Copy the entries exactly. Their pictures do not belong in the copy.

▬▬▬

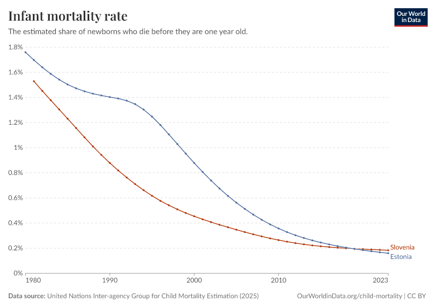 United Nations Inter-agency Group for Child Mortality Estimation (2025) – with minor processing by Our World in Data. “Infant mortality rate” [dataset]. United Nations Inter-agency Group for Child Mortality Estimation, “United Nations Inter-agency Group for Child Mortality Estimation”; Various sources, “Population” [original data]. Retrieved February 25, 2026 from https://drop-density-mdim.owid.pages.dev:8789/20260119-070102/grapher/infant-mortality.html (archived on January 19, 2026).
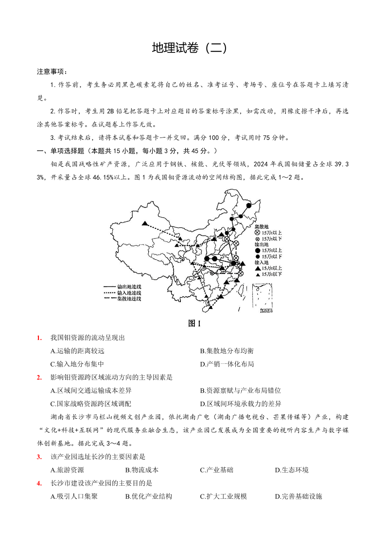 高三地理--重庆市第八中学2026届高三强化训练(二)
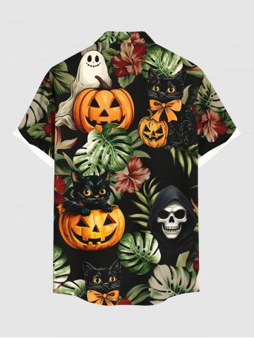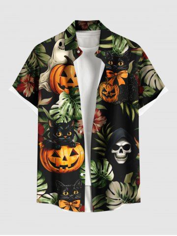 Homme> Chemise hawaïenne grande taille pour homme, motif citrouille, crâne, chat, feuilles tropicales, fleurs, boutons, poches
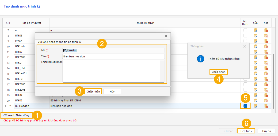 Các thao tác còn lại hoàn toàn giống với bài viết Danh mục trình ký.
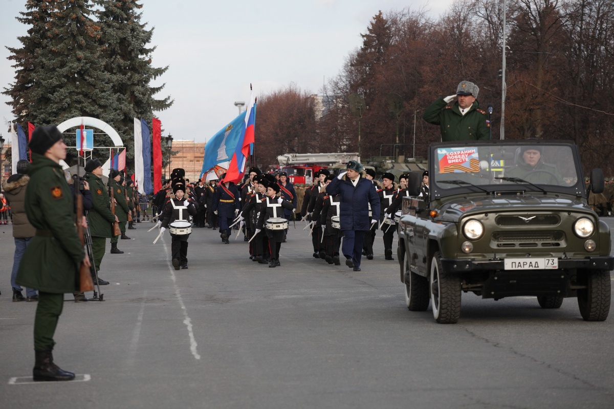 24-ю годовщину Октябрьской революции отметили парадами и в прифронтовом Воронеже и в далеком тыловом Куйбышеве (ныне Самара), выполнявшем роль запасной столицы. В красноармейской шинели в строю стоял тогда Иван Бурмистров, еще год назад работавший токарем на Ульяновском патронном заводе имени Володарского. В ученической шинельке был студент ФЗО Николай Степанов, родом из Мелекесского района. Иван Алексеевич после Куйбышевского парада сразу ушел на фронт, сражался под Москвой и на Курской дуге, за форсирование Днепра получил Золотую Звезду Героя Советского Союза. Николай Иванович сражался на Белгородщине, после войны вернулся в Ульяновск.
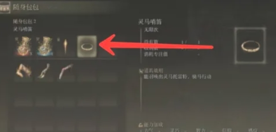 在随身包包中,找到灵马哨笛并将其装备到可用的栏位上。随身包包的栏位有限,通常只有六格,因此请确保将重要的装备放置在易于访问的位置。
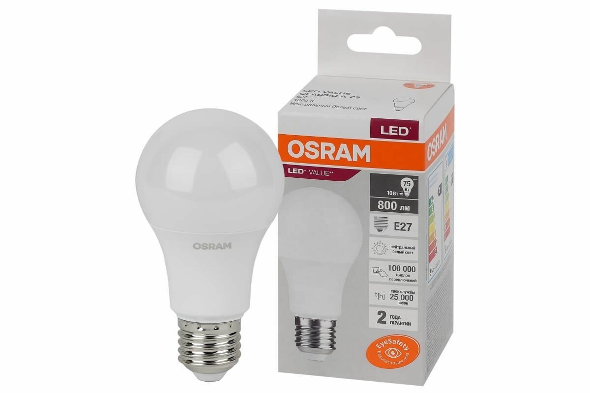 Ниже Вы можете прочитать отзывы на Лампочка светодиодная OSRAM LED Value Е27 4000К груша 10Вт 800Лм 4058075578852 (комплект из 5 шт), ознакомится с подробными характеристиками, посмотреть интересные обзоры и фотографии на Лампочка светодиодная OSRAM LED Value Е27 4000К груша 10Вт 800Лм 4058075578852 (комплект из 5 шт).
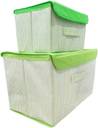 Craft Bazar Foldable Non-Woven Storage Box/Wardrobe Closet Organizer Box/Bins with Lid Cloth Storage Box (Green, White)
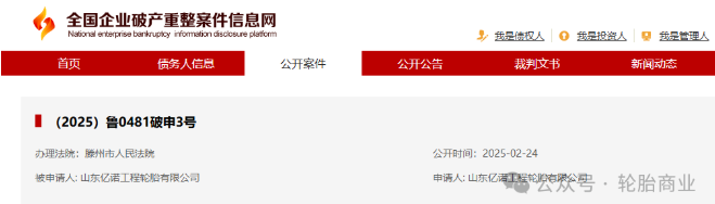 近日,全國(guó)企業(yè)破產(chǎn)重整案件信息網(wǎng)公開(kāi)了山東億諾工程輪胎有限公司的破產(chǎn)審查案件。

▬▬▬

__Task solution__:
 United Nations Inter-agency Group for Child Mortality Estimation (2025) – with minor processing by Our World in Data. “Infant mortality rate” [dataset]. United Nations Inter-agency Group for Child Mortality Estimation, “United Nations Inter-agency Group for Child Mortality Estimation”; Various sources, “Population” [original data]. Retrieved February 25, 2026 from https://drop-density-mdim.owid.pages.dev:8789/20260119-070102/grapher/infant-mortality.html (archived on January 19, 2026).
 高三地理--重庆市第八中学2026届高三强化训练(二)
 Homme> Chemise hawaïenne grande taille pour homme, motif citrouille, crâne, chat, feuilles tropicales, fleurs, boutons, poches
 Các thao tác còn lại hoàn toàn giống với bài viết Danh mục trình ký.
 24-ю годовщину Октябрьской революции отметили парадами и в прифронтовом Воронеже и в далеком тыловом Куйбышеве (ныне Самара), выполнявшем роль запасной столицы. В красноармейской шинели в строю стоял тогда Иван Бурмистров, еще год назад работавший токарем на Ульяновском патронном заводе имени Володарского. В ученической шинельке был студент ФЗО Николай Степанов, родом из Мелекесского района. Иван Алексеевич после Куйбышевского парада сразу ушел на фронт, сражался под Москвой и на Курской дуге, за форсирование Днепра получил Золотую Звезду Героя Советского Союза. Николай Иванович сражался на Белгородщине, после войны вернулся в Ульяновск.
 在随身包包中,找到灵马哨笛并将其装备到可用的栏位上。随身包包的栏位有限,通常只有六格,因此请确保将重要的装备放置在易于访问的位置。
 Ниже Вы можете прочитать отзывы на Лампочка светодиодная OSRAM LED Value Е27 4000К груша 10Вт 800Лм 4058075578852 (комплект из 5 шт), ознакомится с подробными характеристиками, посмотреть интересные обзоры и фотографии на Лампочка светодиодная OSRAM LED Value Е27 4000К груша 10Вт 800Лм 4058075578852 (комплект из 5 шт).
 Craft Bazar Foldable Non-Woven Storage Box/Wardrobe Closet Organizer Box/Bins with Lid Cloth Storage Box (Green, White)
 近日,全國(guó)企業(yè)破產(chǎn)重整案件信息網(wǎng)公開(kāi)了山東億諾工程輪胎有限公司的破產(chǎn)審查案件。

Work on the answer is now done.